The characters are all written for the comfort of Arjun. Sophia, as an illustration, can do sketches of suspects, run analytics, shoot huge weapons, combat along with her naked palms, lead probably the most difficult mission in Tamil Nadu police historical past — nearly any of the grind work that Arjun can’t be bothered to do. To say nothing of being the household good friend who exhibits up for emotional help too. She’s all people and no one, a job that shortchanges how badass she truly is. Bani J is the villain’s sidekick, meted out an analogous therapy. To be truthful, although, even the boys are written in precisely the identical superficial vogue.
With such superficial and half-hearted performances, the feelings simply don’t transfer us. Arjun’s mom (Sumithra making an attempt her damnedest greatest) punishes herself to a starvation strike, an emotion that ought to resonate with everybody. But, it’s handled like a chunk of knowledge that we must always keep in mind, not an emotion that we really feel instinctively. After we watch the villain manipulate Arjun’s brother Kutty (Raj Ayyappa), we consider the latter as silly, not the previous as evil. With out the strengths of those feelings, the stakes are by no means excessive sufficient. So, Valimai appears like a superbike caught in second gear.

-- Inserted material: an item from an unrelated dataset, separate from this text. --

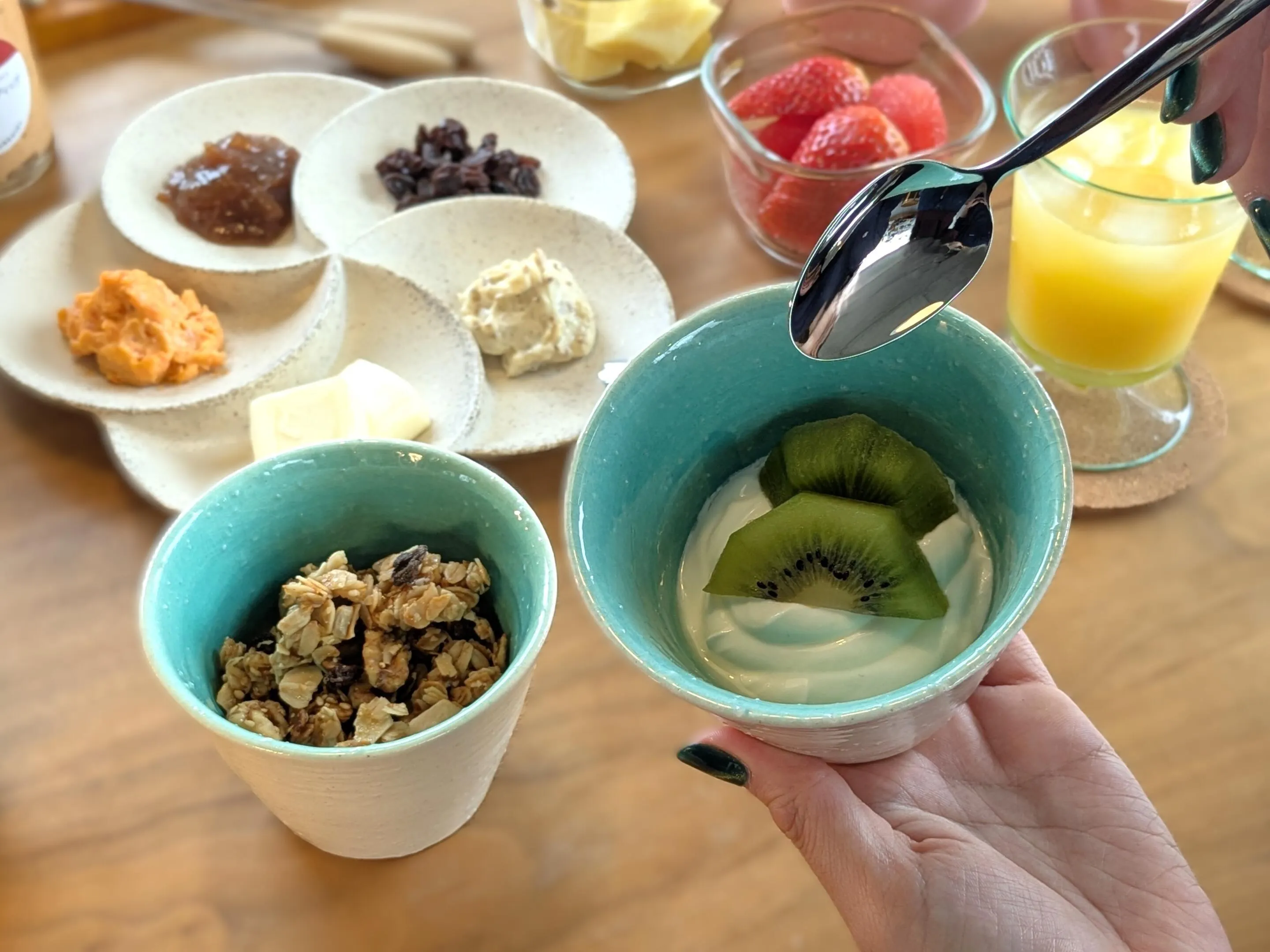 「こういう器が実は一番よく使うよね」と、話題になったのが、mahr ceramics(マールセラミクス)の信楽焼のボウル。今回使ったSサイズは、蕎麦ちょことしてもちょうど良いサイズ感で深さもほどよく、明るいグリーンの釉薬がヨーグルトと好相性でした。

Regardless of all of this, although, what makes Valimai fairly watchable is Dilip Subbarayan’s stunt choreography, deftly supported by cinematographer Nirav Shah. Collectively, they construct motion that’s a delight to look at. Dilip is creative, with out turning it into one thing unbelievable. It’s the correct amount of intelligent, completely proper for mainstream. It solely helps that the movie is about biker gangs — Ajith on the bike is a sight to savour for followers. Even in overlong stunt sequences, the movie is pleasing.
However, be warned that having fun with Valimai, that lasts almost three hours, takes a particular type of viewer: One who’s motivated to have enjoyable and snigger at themselves for having fun with this. Proper on the finish, because the movie climaxes and Arjun rises victorious, his brother taunts the villain, “ei sappa” (hey loser, I think). At that time, I discovered myself pondering he’s maybe speaking to me, a loser who had a lot enjoyable.